Wilson nodded. There was a fine scar running from just beneath his left eye to the middle of his cheekbone.
“Yeah. So I seen the girls get into their car. Kieran, guy who’s coming to meet us here, wasn’t driving her that night. He was supposedta be picking up Deeby Macc.”
“Who was her chauffeur that night?”
“Guy called Mick, from Execars. She’d had him before. I seen all the photographers crowdin’ round the car as it pulled away. They’d been sniffin’ around all week, because they knew she was back with Evan Duffield.”
“What did Bestigui do, once Lula and Ciara had left?”
“He collected his post from me and went up the stairs to his flat.”
Strike was putting down his fork with every mouthful, to make notes.
“Anyone go in or out after that?”
“Yeah, the caterers—they’d been up at the Bestiguis’ because they were having guests that night. An American couple arrived just after eight and went up to Flat One, and nobody come in or out till they left again, near midnight. Didn’t see no one else till Lula come home, round half past one.
“I heard the paps shouting her name outside. Big crowd by that time. A bunch of them had followed her from the nightclub, and there was a load waiting there already, looking out for Deeby Macc. He was supposedta be getting there round half twelve. Lula pressed the bell and I buzzed her in.”
“She didn’t punch the code into the keypad?”
“Not with them all around her; she wanted to get in quick. They were yelling, pressing in on her.”
“Couldn’t she have gone in through the underground car park and avoided them?”
“Yeah, she did that sometimes when Kieran was with her, ’cause she’d given him a control for the electric doors to the garage. But Mick didn’t have one, so it had to be the front.
“I said good morning, and I asked about the snow, ’cause she had some in her hair; she was shivering, wearin’ a skimpy little dress. She said it was way below freezing, something like that. Then she said, ‘I wish they’d f**k off. Are they gonna stay there all night?’ ’Bout the paps. I told her they were still waiting for Deeby Macc; he was late. She looked pissed off. Then she got in the lift and went up to her flat.”
“She looked pissed off?”
“Yeah, really pissed off.”
“Suicidal pissed off?”
“No,” said Wilson. “Angry pissed off.”
“Then what happened?”
“Then,” said Wilson, “I had to go into the back room. My guts were starting to feel really bad. I needed the bathroom. Urgent, yuh know. I’d caught what Robson had. He was off sick with his belly. I was away maybe fifteen minutes. No choice. Never had the shits like it.
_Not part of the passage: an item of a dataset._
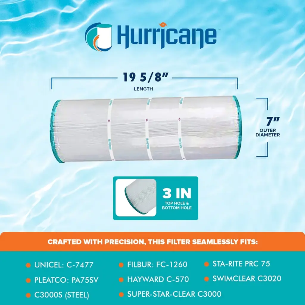 Dive into pristine waters with the Hurricane 12-pack HF7477-04 Advanced Cartridge Filter, where unparalleled cleanliness awaits. Crafted with meticulous precision, this filter guarantees seamless compatibility with Unicel: C-7477, PA75SV, Filbur: FC-1260, Hayward C-570, SwimClear C3020, Super-Star-Clear C3000, C3000S (stainless steel), Sta-Rite PRC 75, and other compatible models. With dimensions measuring 19.75 inches in length, an outer diameter of 7 inches, a top hole of 3 inches, and a Bottom hole of 3 inches, achieving an ideal fit is effortless, measure your current filter for a flawless match. Experience a new level of filtration prowess with the advanced point bond filter media of this spa essential, elevating filtration effectiveness beyond traditional non-woven materials. From biomass to dirt, debris, hair, leaves, and even critters, this pool filter is a formidable barrier, leaving your pool or spa immaculate and inviting. Esteemed by both industry professionals and homeowners, this spa accessory is meticulously engineered for durability, ensuring prolonged service life and effortless upkeep. Bid farewell to the inconvenience of frequent replacements and welcome substantial savings on filters, all while minimizing wear and tear on your pump. Discover the exceptional cleaning prowess of the Hurricane 12-pack HF7477-04 Advanced Cartridge Filter, your ultimate solution for pristine waters and unparalleled excellence.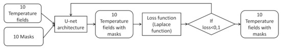The multiple cases training is shown in Figure 2. Ten temperature fields and ten masks are the two inputs of the U-net architecture. Then, the backpropagation process calculates the loss function’s gradient and updates the multilayer CNN’s weights to satisfy the loss function, which is the residual of the Laplace equation. Finally, when the threshold of the loss function is reached, accurate field solutions are generated.

“I was still in the can when the bawling started. No,” he corrected himself, “first thing I heard was a bang. Big bang in the distance. I realized later, that must’ve been the body—Lula, I mean—falling.
“Then the bawlin’ started, getting louder, coming down the stairs. So I pull up my pants and go running out into the lobby, and there’s Mrs. Bestigui, shaking and screaming and acting like one mad bitch in her underwear. She says Lula’s dead, that she’s been pushed off her balcony by a man in her flat.
“I tell her to stay where she is and I run out the front door. And there she was. Lyin’ in the middle of the road, face down in the snow.”
Wilson swigged his tea, and continued to cradle the mug in his large hand as he said:
“Half her head was caved in. Blood in the snow. I could tell her neck was broken. And there was—yeah.”
The sweet and unmistakable smell of human brains seemed to fill Strike’s nostrils. He had smelled it many times. You never forgot.
“I ran back inside,” resumed Wilson. “Both the Bestiguis were in the lobby; he was tryin’ to get her back upstairs, inna some clothes, and she was still bawling. I told them to call the police and to keep an eye on the lift, in case he tried to come down that way.